Monday, April 4, 2022

The Heeding - Rob Cowen and Nick Hayes

I first wrote about 'The Heeding' on July 5th last year (2021) when it was all the talk of 'freedom' day and an end to restrictions. It felt appropriate at the time, 'The Heeding' records Rob Cowen's pandemic year in poetry accompanied by Nick Hayes prints. My copy was a proof of the hardback, now out in paperback, and it told me that the June 17th publication date was chosen to coincide with the end of the first lockdown. Leicester never really came out of lockdown which made that an oddly disconnecting thing to read in what still felt like a disconnected time.

For all that it's only in the last weeks that England has more or less finally abandoned masks, and only now that Scotland is considering it. Currently, there's an average of 160 people a day dying with Covid. The oddness never went, life goes on, but normal is definitely different now. That's underlined by reading last year's review (mildly edited here) and thinking about where we are, or where I am, now. 

I was familiar with Rob Cowen's nature writing before 'The Heeding', but not his poetry, and I'll be honest, the vague comparison to 'The Lost Words' on the cover didn't do anything to prepare me for what I'd find inside. I don't think it's a particularly helpful selling point either - these two are worlds apart.

What actually happened is that 'The Heeding' regularly, efficiently, and comprehensively reduced me to tears - which was essentially cathartic. It's been a strange time, and whilst I can honestly say it's not been the worst time for me, I'm not unscathed by it either. 


The last year, for someone who lives alone, has a wide circle of friends online, was in a congenial bubble, escaped any major health problems, and who has the sort of hobbies that thrive in relative isolation (knitting and reading do) was often quite pleasant. Which I sometimes feel a bit guilty about. 'The Heeding' shows a different sort of year, and this is where I realise that this time has touched me more than I thought it had; I've missed that sense of being a part of a community, of insight into other people's lives. Reading this shows me, again and again, how limited my world has become, how safe, how circumscribed. 

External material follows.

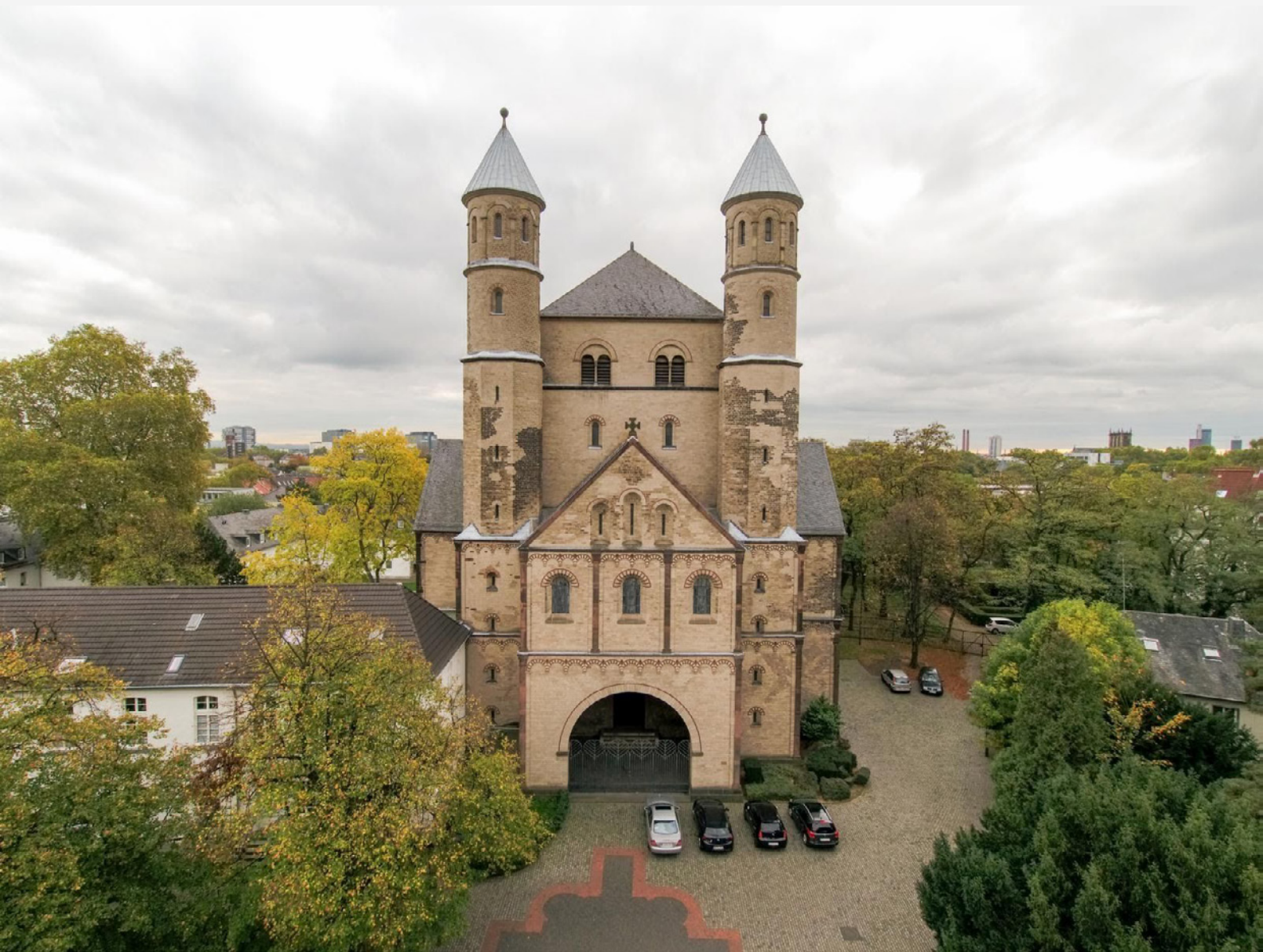
Храм на честь св. Пантелеймона у Кельні, сучасний вигляд | Світлина: www.freundeskreis-pantaleon-koeln.de

Дивовижну історію про зв'язок дружини Володимира Мономаха з Пантелеймонівським монастирем у Кельні переповідає чернець цієї обителі, німецький богослов, а пізніше абат монастиря в Дойц поблизу Кельна о. Руперт (1075–1129), який, судячи з усього, особисто знав кн. Гіту. Його твір, відомий як «Похвальне слово Святому Пантелеймону», був написаний наприк. XI – поч. XII стт. Він дійшов до нас у списку другої пол. XII ст. і нині зберігається в Історичному архіві в Кельні [Historisches Archiv Koeln, cod. Wallraf. 320]. Інший список XII–XIII стт. з рукописної збірки «Liber Bibliothecae s. Pantaleonis» (зокрема, частина з нього «Miracula S. Pantaleonis martyris») зберігався в архіві Дюсельдорфу і згорів під час бомбардувань міста в 1940-і рр, проте до того він був опублікований в «Acta sanctorum». Окреме дослідження цим літературним пам'яткам присвятив О. В. Назаренко.

'The Heeding' catches other moments and moods too, things I recognise with an uncomplicated kind of pleasure, but more than anything it feels to me like a record of the strangeness of the times, of briefly silent streets, of noticing the things that had become almost invisible, of memories from this time last year tripping us up just when we thought we were reconciled to the new status quo, and the fears and attempts to comfort shared in phone calls and messages. The bubbling undercurrent of anger and frustration that boiled over into last summer's protests, and has bubbled away ever since is here too, and much more.

Nick Hayes's graphic, sometimes brutal, sometimes gentle, black and white imagery perfectly matches the poems. Together they feel like something elemental. This wasn't quite my pandemic year, but I recognise it, and when I need to remind myself of what this time was like this is where I'll turn. 

This collection is still one of the best records of the beginning of the pandemic I've read, still evokes the early unreality of lockdown brilliantly, and as time is passing, memories fading, it's more worthwhile than ever to read and remember.